EXERCISE REQUIREMENTS: Reproduce only this stretch of the listing below: from the line with "Columbine flowers" through the line with "ATHENS, Greece, Aug", exactly as written, with pictures excluded.

[Opening SUPPLIED RECORDS section]

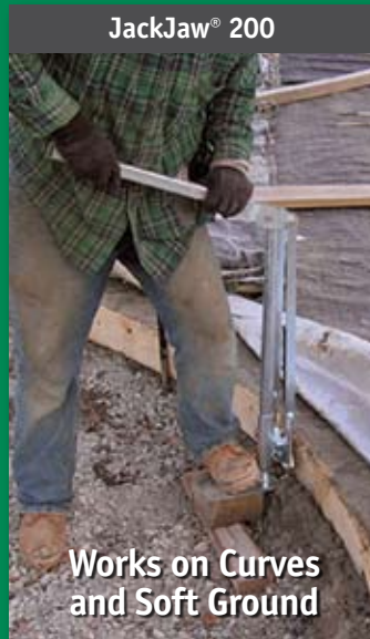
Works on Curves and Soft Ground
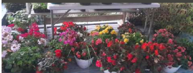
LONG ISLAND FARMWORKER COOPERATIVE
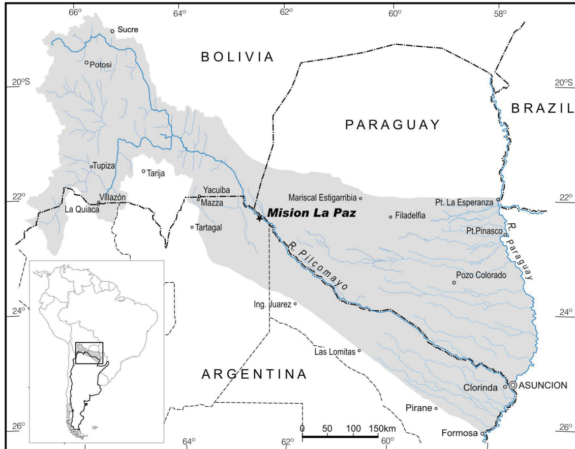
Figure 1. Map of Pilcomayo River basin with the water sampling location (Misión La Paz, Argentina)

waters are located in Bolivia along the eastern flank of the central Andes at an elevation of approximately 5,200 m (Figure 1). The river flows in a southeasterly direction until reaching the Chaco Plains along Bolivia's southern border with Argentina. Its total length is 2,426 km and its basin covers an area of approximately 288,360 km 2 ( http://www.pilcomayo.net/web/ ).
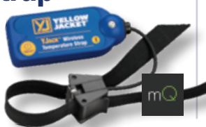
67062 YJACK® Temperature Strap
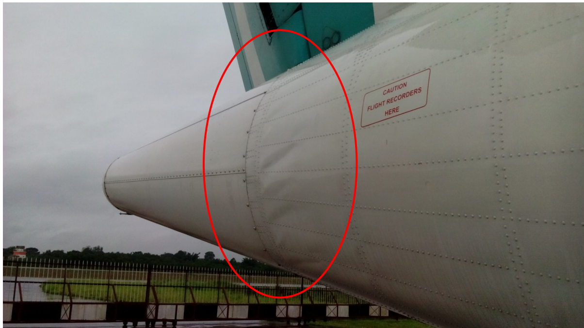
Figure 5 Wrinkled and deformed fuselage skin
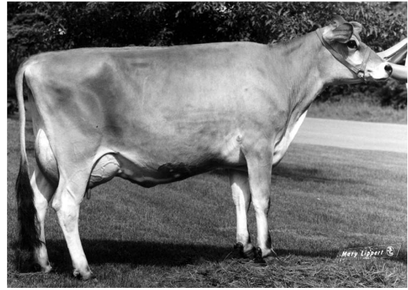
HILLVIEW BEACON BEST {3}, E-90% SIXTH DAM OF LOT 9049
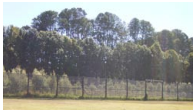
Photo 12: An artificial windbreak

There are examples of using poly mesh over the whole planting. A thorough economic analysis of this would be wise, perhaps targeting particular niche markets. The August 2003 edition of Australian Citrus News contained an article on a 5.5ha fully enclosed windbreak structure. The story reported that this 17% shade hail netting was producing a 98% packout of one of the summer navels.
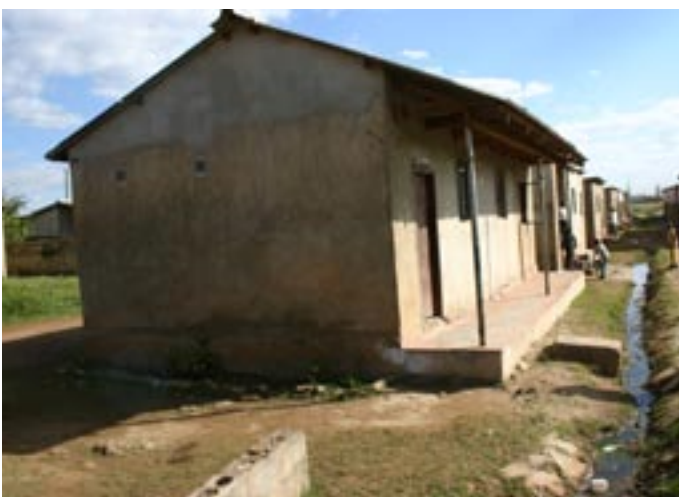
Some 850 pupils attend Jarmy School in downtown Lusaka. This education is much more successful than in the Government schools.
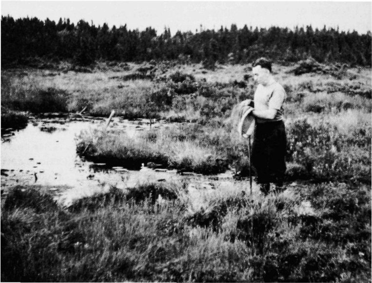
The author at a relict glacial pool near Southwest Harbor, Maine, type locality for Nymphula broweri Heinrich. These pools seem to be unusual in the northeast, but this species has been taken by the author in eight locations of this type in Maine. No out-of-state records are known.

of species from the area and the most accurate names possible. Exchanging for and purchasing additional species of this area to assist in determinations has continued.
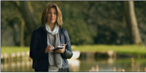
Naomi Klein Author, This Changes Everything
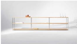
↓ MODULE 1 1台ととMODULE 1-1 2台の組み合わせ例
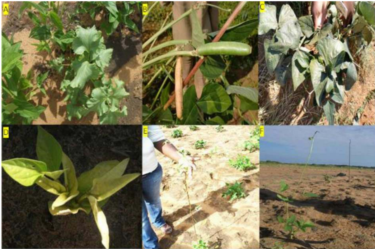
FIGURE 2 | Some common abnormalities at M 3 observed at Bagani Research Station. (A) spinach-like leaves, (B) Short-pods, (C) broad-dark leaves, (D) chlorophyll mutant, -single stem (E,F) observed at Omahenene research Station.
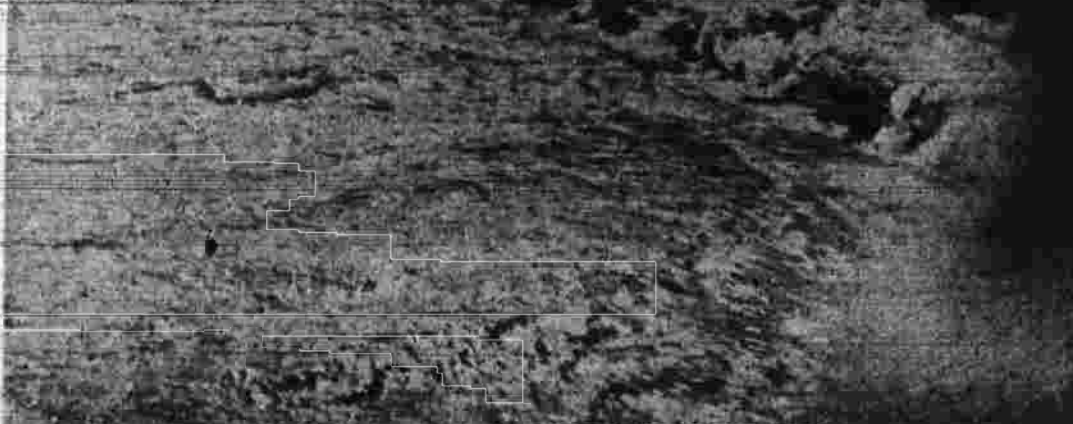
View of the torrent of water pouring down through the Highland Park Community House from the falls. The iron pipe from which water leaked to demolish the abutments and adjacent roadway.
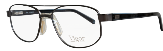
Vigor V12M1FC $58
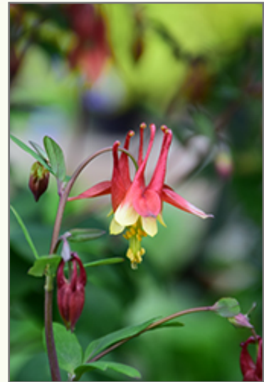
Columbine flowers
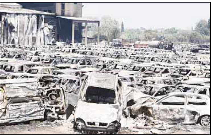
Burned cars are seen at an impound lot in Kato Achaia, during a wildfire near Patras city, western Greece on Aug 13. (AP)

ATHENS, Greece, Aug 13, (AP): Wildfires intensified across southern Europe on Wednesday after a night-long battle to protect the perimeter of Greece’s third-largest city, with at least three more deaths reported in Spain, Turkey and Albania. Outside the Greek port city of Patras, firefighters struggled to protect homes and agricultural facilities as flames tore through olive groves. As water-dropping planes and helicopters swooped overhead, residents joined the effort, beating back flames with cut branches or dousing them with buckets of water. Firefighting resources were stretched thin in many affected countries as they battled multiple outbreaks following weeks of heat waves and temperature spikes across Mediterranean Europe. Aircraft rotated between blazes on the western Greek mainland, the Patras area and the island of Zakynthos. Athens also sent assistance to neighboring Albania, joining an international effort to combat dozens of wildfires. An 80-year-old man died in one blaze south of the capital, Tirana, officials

[Closing SUPPLIED RECORDS section]
[Opening SUPPLIED RECORDS section]

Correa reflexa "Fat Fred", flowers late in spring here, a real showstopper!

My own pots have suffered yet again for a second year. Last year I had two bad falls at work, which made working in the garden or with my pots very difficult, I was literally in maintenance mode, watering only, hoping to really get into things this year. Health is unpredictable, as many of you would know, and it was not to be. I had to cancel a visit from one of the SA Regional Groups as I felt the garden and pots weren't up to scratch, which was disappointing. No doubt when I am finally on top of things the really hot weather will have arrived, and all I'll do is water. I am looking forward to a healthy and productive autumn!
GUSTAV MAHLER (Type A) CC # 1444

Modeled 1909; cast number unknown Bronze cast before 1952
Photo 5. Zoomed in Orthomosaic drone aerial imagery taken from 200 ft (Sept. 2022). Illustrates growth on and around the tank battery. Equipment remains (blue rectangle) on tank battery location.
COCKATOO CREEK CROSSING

[Closing SUPPLIED RECORDS section]

TASK SOLUTION:
Columbine flowers
Burned cars are seen at an impound lot in Kato Achaia, during a wildfire near Patras city, western Greece on Aug 13. (AP)

ATHENS, Greece, Aug 13, (AP): Wildfires intensified across southern Europe on Wednesday after a night-long battle to protect the perimeter of Greece’s third-largest city, with at least three more deaths reported in Spain, Turkey and Albania. Outside the Greek port city of Patras, firefighters struggled to protect homes and agricultural facilities as flames tore through olive groves. As water-dropping planes and helicopters swooped overhead, residents joined the effort, beating back flames with cut branches or dousing them with buckets of water. Firefighting resources were stretched thin in many affected countries as they battled multiple outbreaks following weeks of heat waves and temperature spikes across Mediterranean Europe. Aircraft rotated between blazes on the western Greek mainland, the Patras area and the island of Zakynthos. Athens also sent assistance to neighboring Albania, joining an international effort to combat dozens of wildfires. An 80-year-old man died in one blaze south of the capital, Tirana, officials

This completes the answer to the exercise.